Confirmation of microarray results by Northern blotting. Genes were selected to confirm expression changes based on their regulatory patterns in mot1-14 and/or TBP Y185C and TBP F207L bypass strains. Message levels are shown for WT cells, mot1-14, and mot1-42 cells as well as the bypass strains TBP Y185C and TBP F207L. ARG3, COS8, and YRO2 are Mot1-repressed genes whose expression was restored to near WT levels in TBP Y185C and TBP F207L cells. ARO2, CRP1, and NDJ1 are Mot1-activated genes whose expression was restored to near WT levels in TBP Y185C and TBP F207L cells. IRC7 and TKL2 are genes that were misregulated in the TBP bypass strains only (repressed and activated, respectively). ACT1 is shown as a loading control.

FIGURE 7.

Bypass TBPs do not suppress the defect in polymerase I transcription and RNA processing observed in mot1 cells. A, Northern blot showing the levels of 35 S ribosomal RNA in the indicated strains. TBP Y185C and TBP F207L refer to the bypass strains harboring the mutant TBPs and lacking Mot1. The 35 S label on the left of the upper blot is placed next to the unprocessed ribosomal RNA species detected as previously described (29). The same blot was probed for ACT1 as a loading control. B, quantitation of Northern blots similar the one shown in panel A. Averages of RNA levels in three independent experiments ± standard deviation are shown.

FIGURE 8.

Regulation by SAGA and Bur6 in TBP Y185C and TBP F207L bypass strains. A, spot tests show 10-fold serial dilutions of WT and spt7Δ strains transformed with plasmid vector, WT TBP, TBP Y185C, or TBP F207L plasmids as indicated.
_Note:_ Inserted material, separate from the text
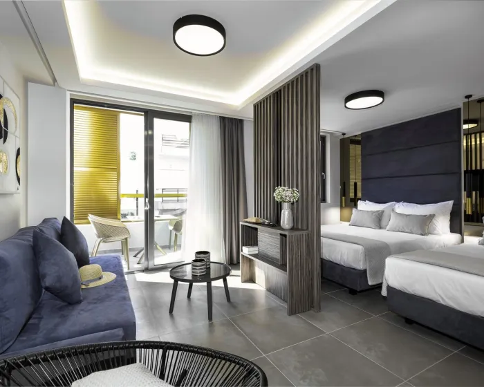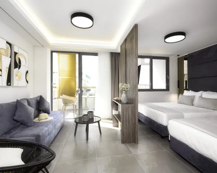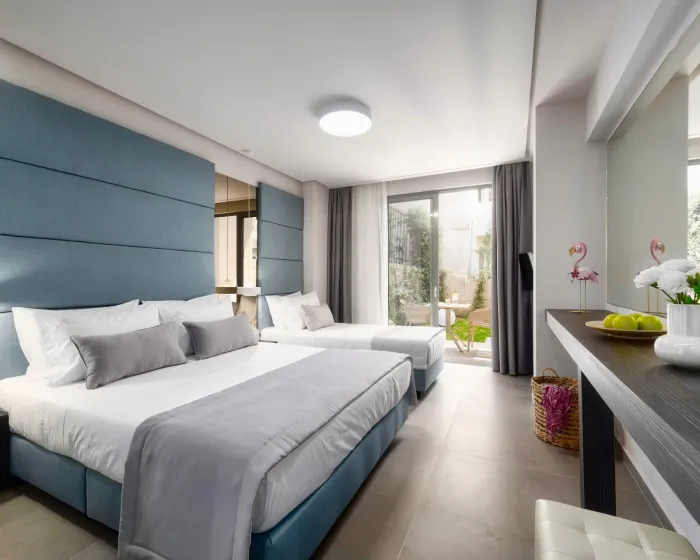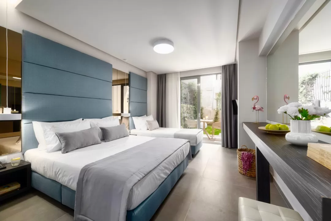 Sobe su opremljene klima uređajem. Standardni sadržaji nekih soba uključuju balkon ili terasu, pružajući dodatni prostor za opuštanje. Sobe imaju bračni krevet i sofu. Dodatni kreveti mogu biti zatraženi. Takođe je obezbeđen mini-kuhinjica sa aparatom za čaj/kafu. Telefon, televizor sa satelitskim/kablovskim kanalima i WiFi (bez dodatnih troškova) su takođe obezbeđeni. Gosti će u svojim sobama pronaći papuče. Kupatila su opremljena tušem. Kozmetički proizvodi i izbor peškira osiguravaju dodatnu udobnost. Hotel ima porodične sobe i sobe za nepušače.

Note the slow growth phenotype of spt7Δ cells seen on YPD, synthetic complete media with glucose (SC), or SC containing acetate or ethanol/glycerol rather than glucose; no observable differences were seen in growth rate whether or not the strains harbored TBP Y185C or TBP F207L. B, quantitation of Northern blots to evaluate message levels for selected genes in bur6-1 and spt7Δ strains. Values represent the -fold change in message in the indicated mutant cell compared with its congenic wild type. Results are from two independent experiments; error bars indicate the S.E. between replicates. See Fig. 6 for more information about expression patterns of ARG3, COS8, YRO2, ARO2, CRP1, NDJ1, IRC7, and TKL2. SAS3, YVC1, and TRM44 are Mot1-activated genes whose expression was affected by TBP F207L only. CHA1 expression is repressed by the bypass mutants, and SMA1 is activated by them. FCY2 and ACT1 are included as control genes unaffected by TBP Y185C or F207L.

FIGURE 9.

Recruitment of TBP Y185C and TBP F207L to chromatin in vivo. A, ChIP of Myc-TBP (WT, gray bars) or Myc-TBP F207L (black bars) to the indicated promoters. ChIP was performed in mot1Δ strains expressing both WT TBP and TBP F207L, one of which was Myc-tagged. B, ChIP of Myc-TBP WT (gray bars) or Myc-TBP Y185C (black bars) to the indicated promoters. ChIP was performed in mot1Δ strains expressing both WT TBP and TBP Y185C, one of which was Myc-tagged. Bars in panels A and B show the average signal obtained from two independent experiments, and error bars denote the S.E. Signal is relative to the average ACT1 signal for WT TBP in the same background.